__ASSIGNMENT__
Please reproduce exactly, and only, the lines from the one with "世俱杯H组积分榜:萨尔茨堡3分第一,皇马新月1分&新月黄牌多列后" through the last line of the listing below, both ends included, leaving out the pictures.

(DATASET SECTION)

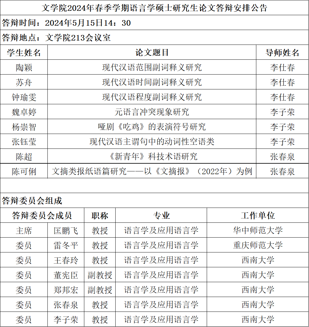 taptap188官网入口2024年春季学期语言学及应用语言学专业硕士学位论文答辩安排公告
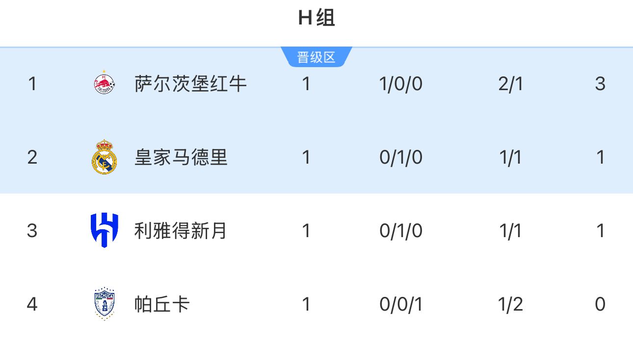 世俱杯H组积分榜:萨尔茨堡3分第一,皇马新月1分&新月黄牌多列后
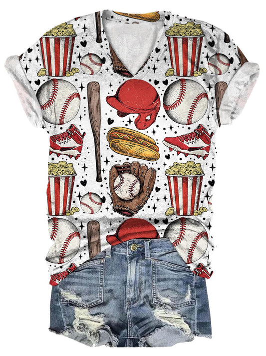 Baseball & Snacks Print V-Neck T-...

(End DATASET SECTION)

__WRITTEN SOLUTION__
 世俱杯H组积分榜:萨尔茨堡3分第一,皇马新月1分&新月黄牌多列后
 Baseball & Snacks Print V-Neck T-...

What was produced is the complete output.